• WORK ITEM
Reproduce, without alteration, every line of the data; exclude the images.

• INFORMATION PROVIDED
········

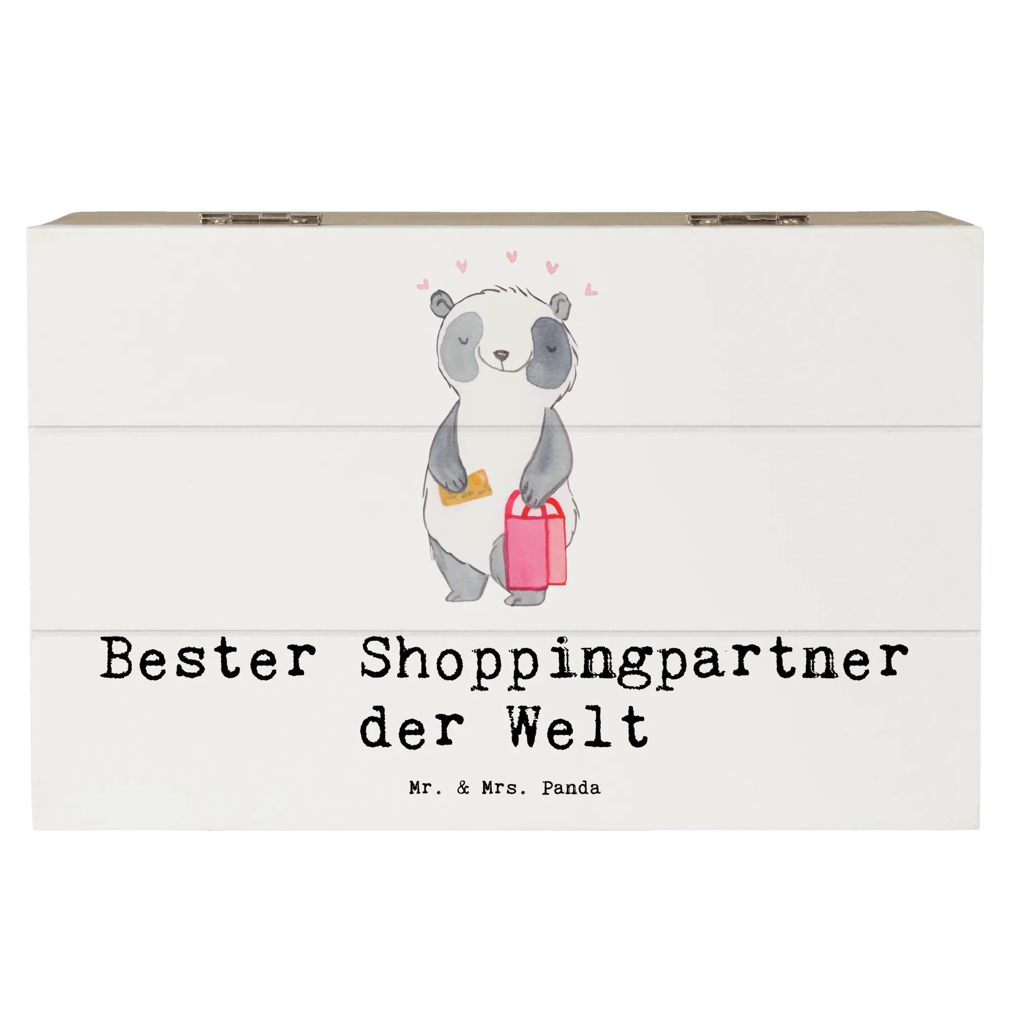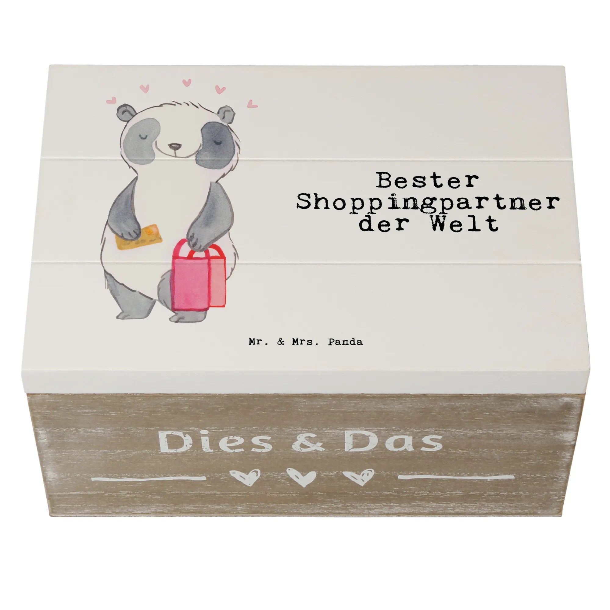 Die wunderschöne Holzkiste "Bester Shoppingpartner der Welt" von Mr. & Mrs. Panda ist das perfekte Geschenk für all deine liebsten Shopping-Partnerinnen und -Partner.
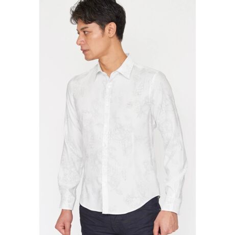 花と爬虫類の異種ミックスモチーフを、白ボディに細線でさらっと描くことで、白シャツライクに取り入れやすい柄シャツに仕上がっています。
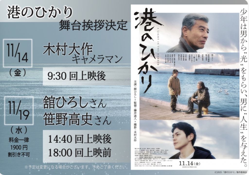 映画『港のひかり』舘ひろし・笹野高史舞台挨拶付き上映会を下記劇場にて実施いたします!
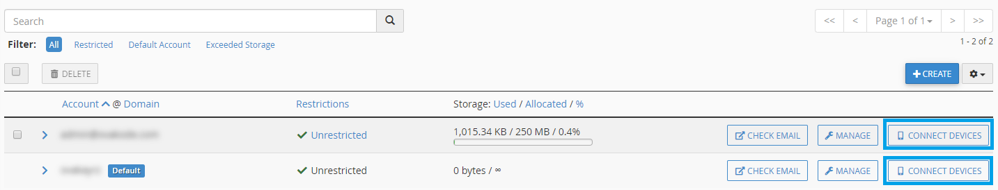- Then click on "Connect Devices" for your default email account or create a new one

········

• ANSWER SECTION
 Die wunderschöne Holzkiste "Bester Shoppingpartner der Welt" von Mr. & Mrs. Panda ist das perfekte Geschenk für all deine liebsten Shopping-Partnerinnen und -Partner.
 花と爬虫類の異種ミックスモチーフを、白ボディに細線でさらっと描くことで、白シャツライクに取り入れやすい柄シャツに仕上がっています。
 映画『港のひかり』舘ひろし・笹野高史舞台挨拶付き上映会を下記劇場にて実施いたします!
- Then click on "Connect Devices" for your default email account or create a new one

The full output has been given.